Duruşma sonunda ara kararını açıklayan mahkeme, yargılanan gazetecilere uygulanan yurt dışına çıkış yasaklarının devamına karar verdi. Dijital materyallerin iadesi için bilirkişi raporunun beklenmesine karar veren mahkeme, davayı 16 Nisan 2019 tarihine erteledi.
Davanın 16 Nisan 2019 günü görülen yedinci duruşmasında Öğreten, Kanaat, Okatan ve Sargın ile avukatları hazır bulundu. Gazeteci Yoksu duruşmaya Batman’dan SEGBİS ile bağlandı. Çelik ise Diyarbakır Adliyesi’ndeki SEGBİS salonlarının dolu olması nedeniyle duruşmaya katılamadı.
Duruşma esnasında Ömer Çelik hakkında “propaganda” suçlamasıyla yeni bir iddianame hazırlandığı ve dosyaya eklendiği görüldü.
Duruşma sonunda açıkladığı ara kararında mahkeme, gazetecilere uygulanan adlî kontrol tedbirlerinin kaldırılması taleplerini reddetti. Mahkeme, elde edilen dijital materyallerin tam ve eksiksiz olduğuna dair bilirkişiden onay gelmesi halinde materyallerin iadesine karar verdi.

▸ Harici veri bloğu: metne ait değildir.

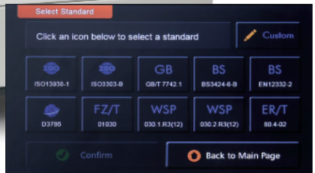
Preprogrammed test routines
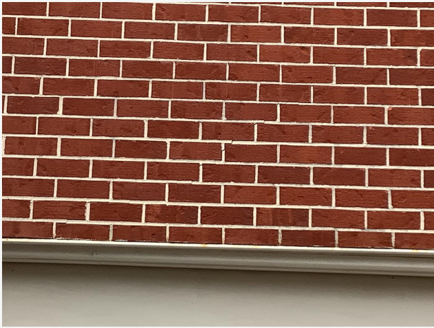
5 - 1
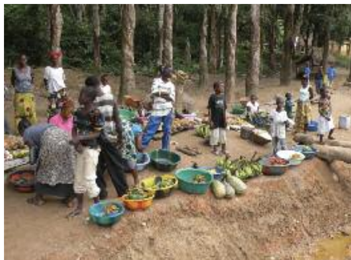
Road market, Nimba County

GAAM is very seriously concerned with the lack of EPA capacity to monitor the iron ore investments in Liberia. This problem will only increase when ArcelorMittal and other companies start full operations. The EPA has also indicated to GAAM that it lacks well-developed standards for monitoring of certain activities not to mention the tools to conduct this monitoring. This issue needs to be urgently addressed by the government of Liberia.
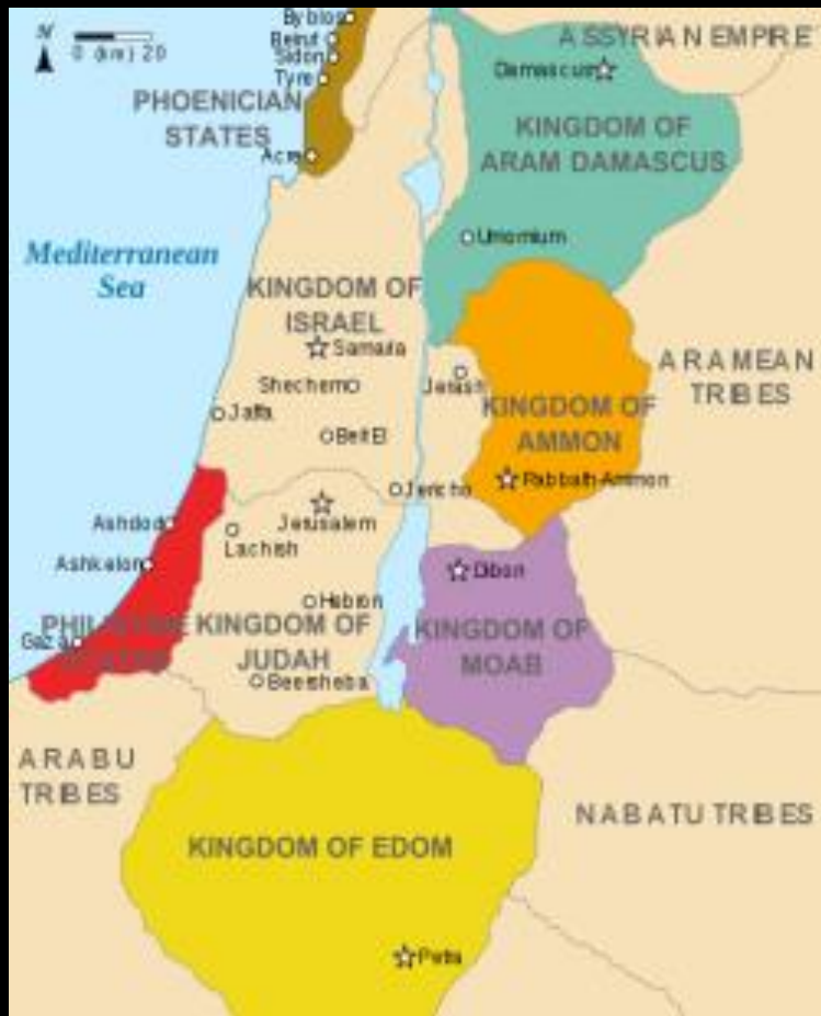
The Kingdoms of Ammon, Moab, and Edom ca. 830 BC.
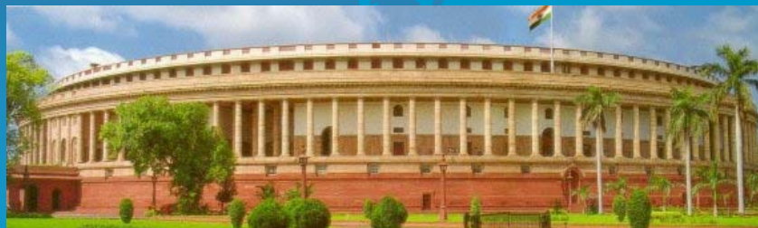
Government reports & policies
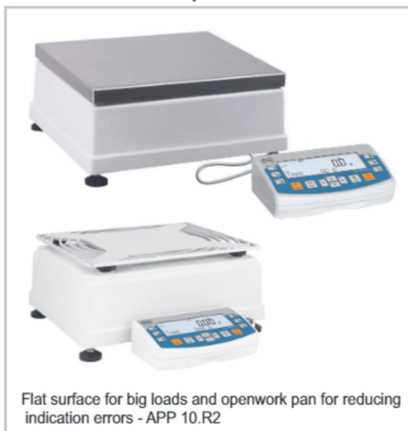
Flat surface for big loads and openwork pan for reducing indication errors - APP 10.R2
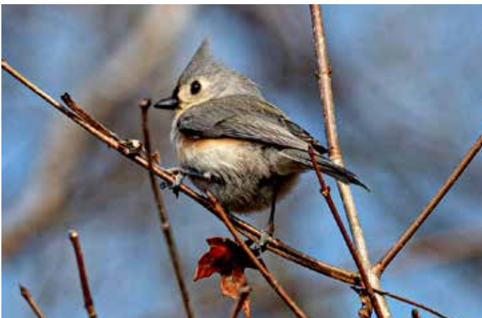
Titmouse at the Haw River
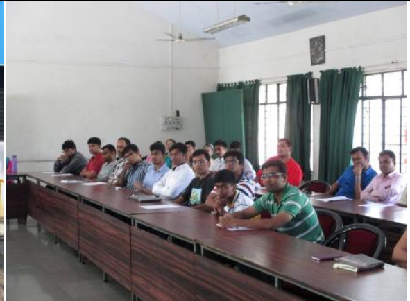
Maker Meet @ JPNC on 1 st Nov
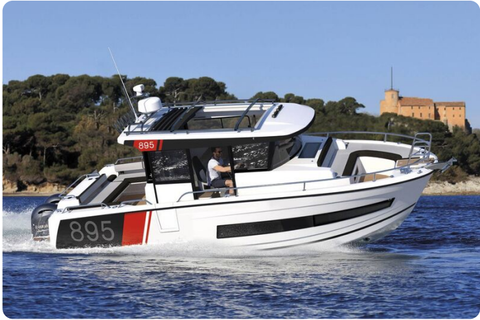
Jeanneau Merry Fisher 895 Sport
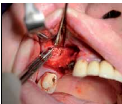
Fig. 12: Another gentle introduction of the augmentation in the Bio-Gide membrane before insertion of the dental implant in region #16.
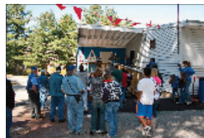
Steve Martelli giving dedication speech.

Three televisions in different sections of the building showed varying aspects of the club's activities. Operation Lifesaver railroad safety videos were a hit. Another television featured programs from TRAIN TIME , the half-hour show produced by the Great Falls Model Railroad Club for local cable channels throughout the state. Just inside the entry to the building, a third television presented a show about the club. A bulletin board near the television featured newspaper clippings publicizing club activities. Railroad safety materials and club handouts were available on the table. Also on the table was a framed letter from Senator Olympia Snowe, congratulating the club on its accomplishments and contributions to
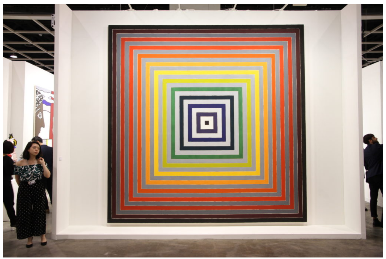
Frank Stella Lettre sur les sourds et muets I (1974).

The fifth edition of <u>Art Basel in Hong Kong</u> started with a VIP preview at the city's convention and exhibition center on Tuesday. With 242 participants, there was an enormous amount of art to take in. Galleries from 35 countries brought offerings from Modern to contemporary and emerging to blue chip.
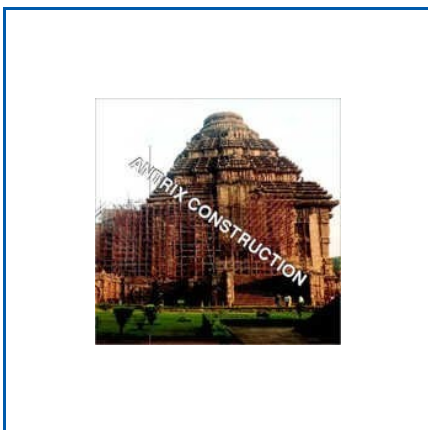
HERITAGE RESTORATION SERVICES

Acrylic Seamless Membranes Waterproofing Service, Balcony Waterproofing Service, Basement Wall Waterproofing Service, Basement Waterproofing Service, Bentonite Water Proofing Service, Bituminous Water Proofing Service, Building Renovation Service, Building Repair Service, Building Restoration Services, Chemical Coating Services, Chemical Coating Solution, Civil Contract Service, Civil Contracting Services, Civil Contractor Services, Civil Works Projects Service, etc.
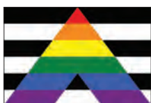
Heterosexual/Straight** Attraction to other gender(s)

Another word for attraction is desire. Sexual attraction is sexual desire, while romantic attraction (not as easy to quantify) is the desire to be romantic with someone. Romantic connection and intimate moments are what the person desires, not sex or physical closeness. Sexual attraction and romantic attraction sometimes match up, and sometimes don't. Someone could be bisexual, but homoromantic, meaning they feel sexual attraction to more than one gender but only desire to be romantically intimate with people of their same gender.
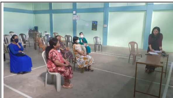
Consultation with Women's group

The key concerns as voiced by various stakeholder groups are presented in Annex-II, and further informed the ESMF and project preparation by instituting specific measures targeting poor and vulnerable population and those living in remote areas.
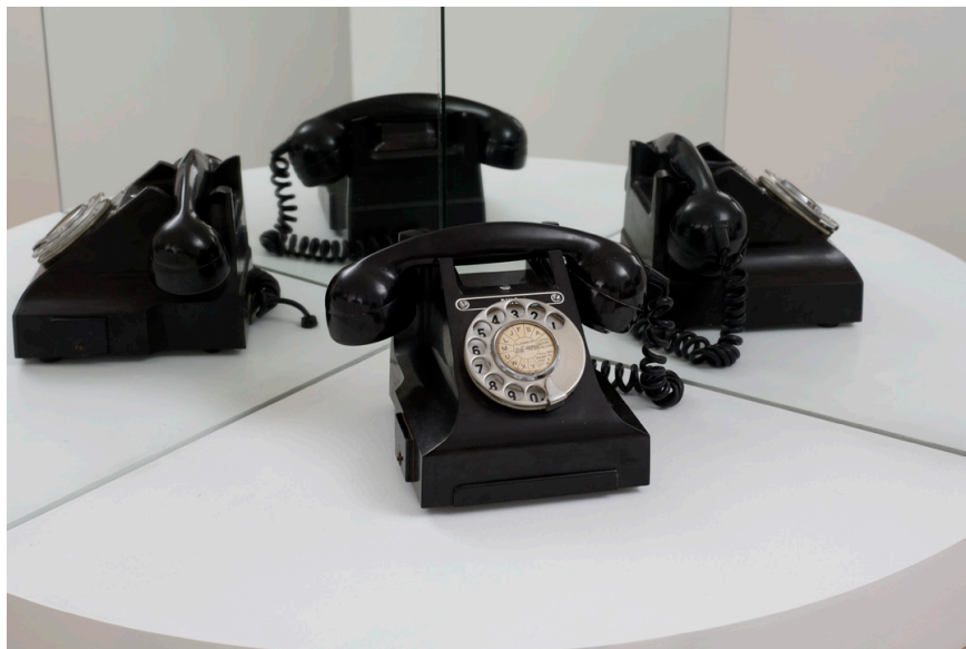
Robyn Backen A very enchanting thing 2007, mirror, Bakelite telephone, sound, wood, electronics 204 x 55.5 x 55.5 cm.

Visit www.twma.com.au for program of performances during the exhibition
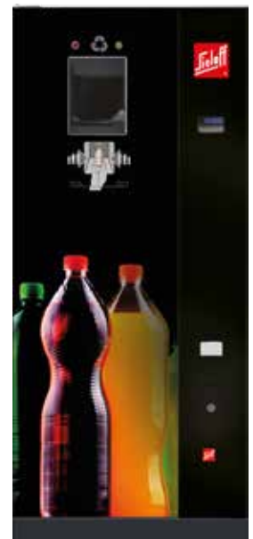
SiOne Small RB (Design C "colour explosion", bottles, multi-colour, operator panel painted in door colour)
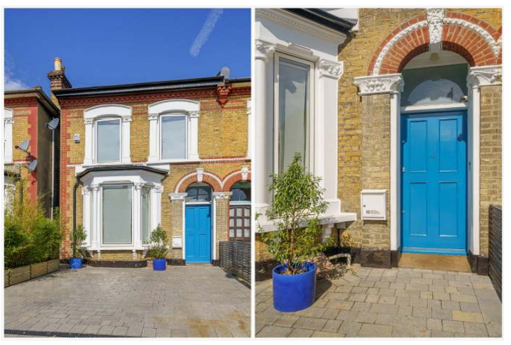
FRIERN ROAD, EAST DULWICH, LONDON, SE22 £1,800,000 FREEHOLD

A FANTASTIC SEMI-DETACHED HOME, SITUATED ON AN EXCEPTIONAL ROAD IN SE22. THIS MUCH-LOVED FAMILY HOME IS OFFERED TO THE MARKET CHAIN FREE AND IN FANTASTIC CONDITION.
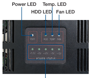
Power voltage status
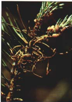
Fig. 4. Young larvae skeletonize needles, leaving dry, strawlike needle remains. Older larvae consume entire needles down to the base.

usually between early April and mid-May. This timing usually corresponds with an accumulation of 100 to 200 degree-days, using a base of 50 degrees F. Colonies of the young larvae feed along the edges of needles that are one or two years old and avoid feeding on the main veins of the needles. The dry, strawlike tufts that remain behind the current year foliage are characteristic of European pine sawfly feeding (Fig. 4).
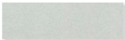
Clear Anodize Mica

Airolite offers six standard Mica colors available in AAMA 2605 compliant coatings (70% Kynar® PVDF/ 100% Fluoropolymer FEVE). Mica colors are formulated to reproduce the low-gloss metallic luster of anodized aluminum in a wider range of dynamic colors. These colors offer many performance advantages over conventional anodic finishes including longer warranty duration, superior resistance to salt spray, greater color uniformity and better chemical resistance. Additionally, Mica coatings are easier to repair and touch-up than conventional anodic finishes. Organic micas are comprised of natural minerals and crushed pearlescent that are highly resistant to harmful environmental effects.
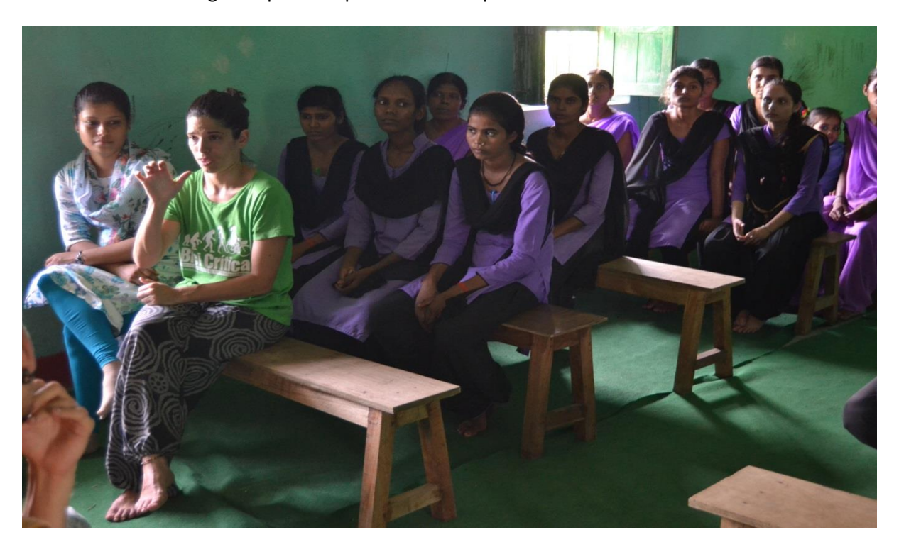
Inclusive Bodhi Tree Family

A workshop was organized for broad understanding of general educators and special educators about children with hearing and speech impairment. The session was guided by three special educators with hearing and speech impairment from Spain.

Sanıklar Metin Yoksu ve Derya Okatan’ın vareste tutulma taleplerini kabul eden mahkeme, birleşen dosya yönünden henüz savunması alınmamış olan Ömer Çelik’in vareste tutulma talebini reddetti ve davanın bir sonraki duruşmasının 24 Eylül 2019 günü görülmesine karar verdi.